Gini index of co‐location: Given all other covariates, Figure 6a suggests that inhabitants with meeting patterns that are centred around a few other districts entail reduced infection rates for a specific district. This tendency is only suspended in the week starting on March 17th during the early lockdown in Bavaria. The corresponding estimate is positive and significant. Right after the national lockdown on 22 March 2020, is ordered, the effect is not significantly different from zero for one week (03–24). The estimated effects remain low but negative until the German government introduces compulsory masks in public areas on 22 April (Mitze et al., 2020). Thereupon, the effect has a clear downwards tendency. Once policymakers slowly lift the lockdown measures, the estimate declines further until its maximum in the penultimate week of our observational period. This development may be viewed as evidence that a more focused attribution of co‐location probabilities in a district becomes more crucial over time.
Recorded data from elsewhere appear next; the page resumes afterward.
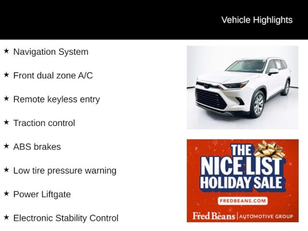 2024 Toyota Grand Highlander Limited 2.4L 4-Cylinder 8-Speed Automatic AWD 4D Sport Utility Wind Chill Pearl 20" Aluminum Alloy Wheels, ABS brakes, Active Cruise Control, Alloy wheels, Electronic Stability Control, Front dual zone A/C, Heated door mirrors, Heated front seats, Heated rear seats, Illuminated entry, Leather Seat Trim, Low tire pressure warning, Navigation System, Power Liftgate, Remote keyless entry, Traction control.
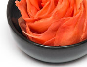 It is sweet, thinly sliced young ginger that has been marinated in a solution of sugar and vinegar
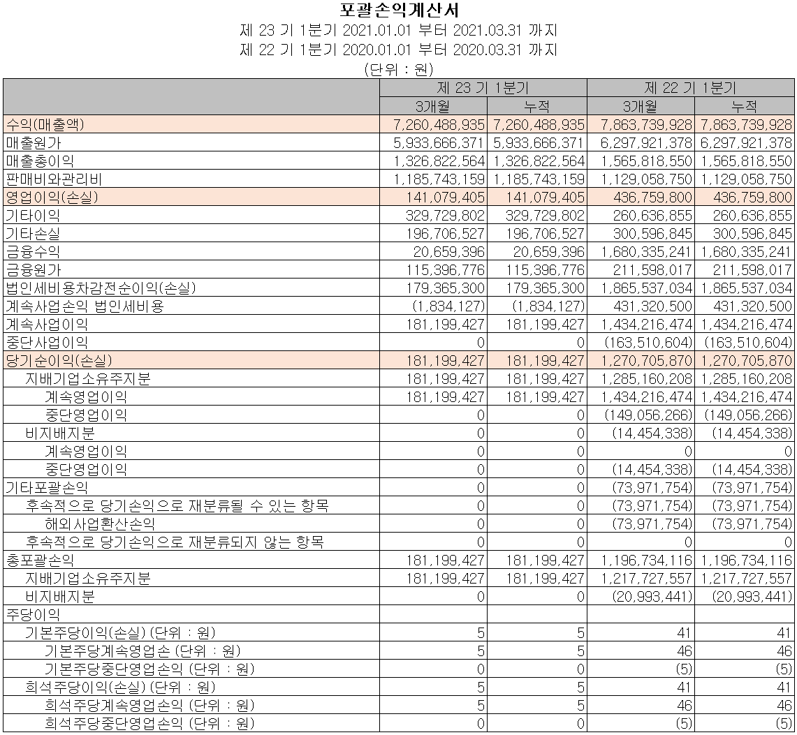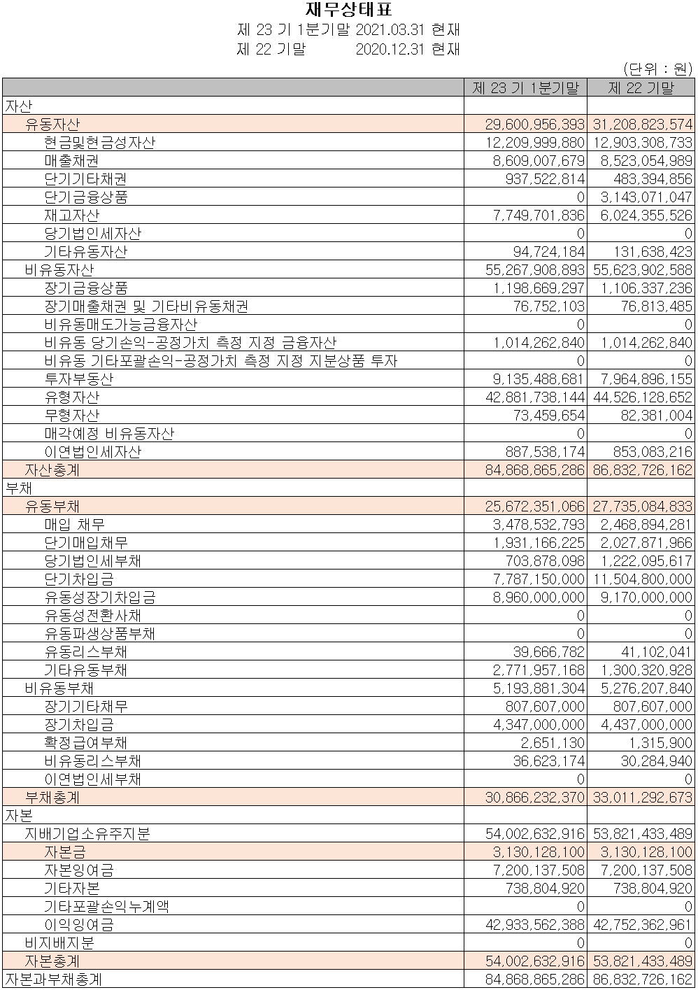 지난 1분기 자산 총계는 전기보다 2.3%(20억 원) 감소한 849억 원으로 단기금융상품 및 일부 유형자산의 처분에 기인합니다. 부채 총계는 6.5%(21억 원) 감소한 309억 원으로 단기차입금의 감소가 있었습니다.
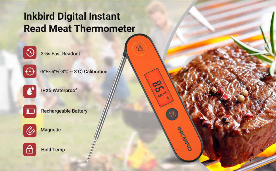 The large dial with LCD backlight means you can always read the temperature, whether you are grilling in the dark or baking in your brightly lit kitchen; IPX5 rated waterproof, the Inkbird food thermometer can be washed under running water without worry.
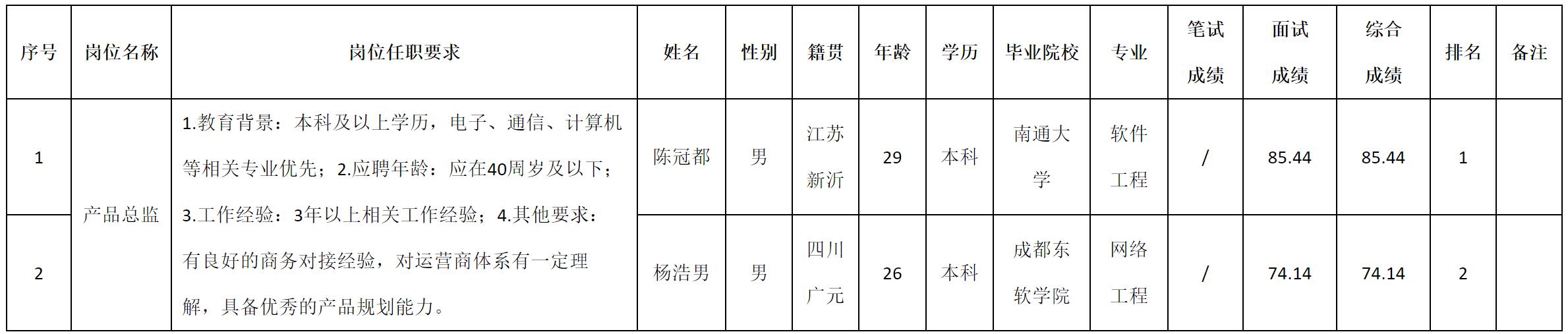 根据四川九州电子科技股份有限公司发布的招聘公告及招聘相关规定,现将测试成绩予以公示。
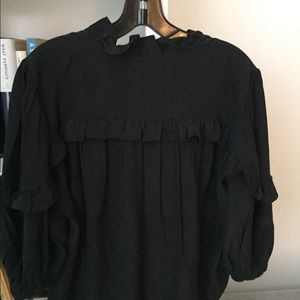 Frame Black Silk Ruffle Blouse
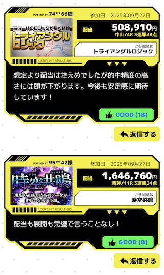 実績BBSとは、有料予想に参加した利用者が自由に投稿できるコンテンツ。
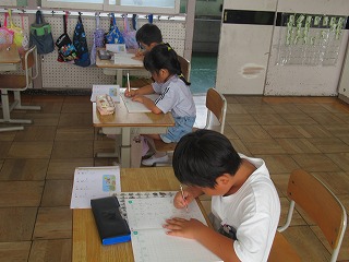 1年1組は、新出漢字の書き取り練習を行っていました。これからどんどん覚える漢字が増えていくので、しっかり覚えていきましょうね。

Percentage staying put: Suppose the percentage of inhabitants in a district staying put is large relative to the national tendency. In that case, we expect the incidence of infections throughout the lockdown period to be lower. We deduce this result from the largely negative estimates in Figure 6b for the weeks between 10 March and 12 May. Once the orders are relaxed, on the other hand, the standard errors of the respective covariate become relatively large, and the effect vanishes in the final week of the study. A possible explanation for this phenomenon is that when daily infections decline, most diseases are related to local outbreaks (as already mentioned in Section 2). These breakouts, in turn, cannot be associated with the percentage of people staying put. One exception to this finding is the estimate in the week starting on 26 May, where we encounter a significant positive effect.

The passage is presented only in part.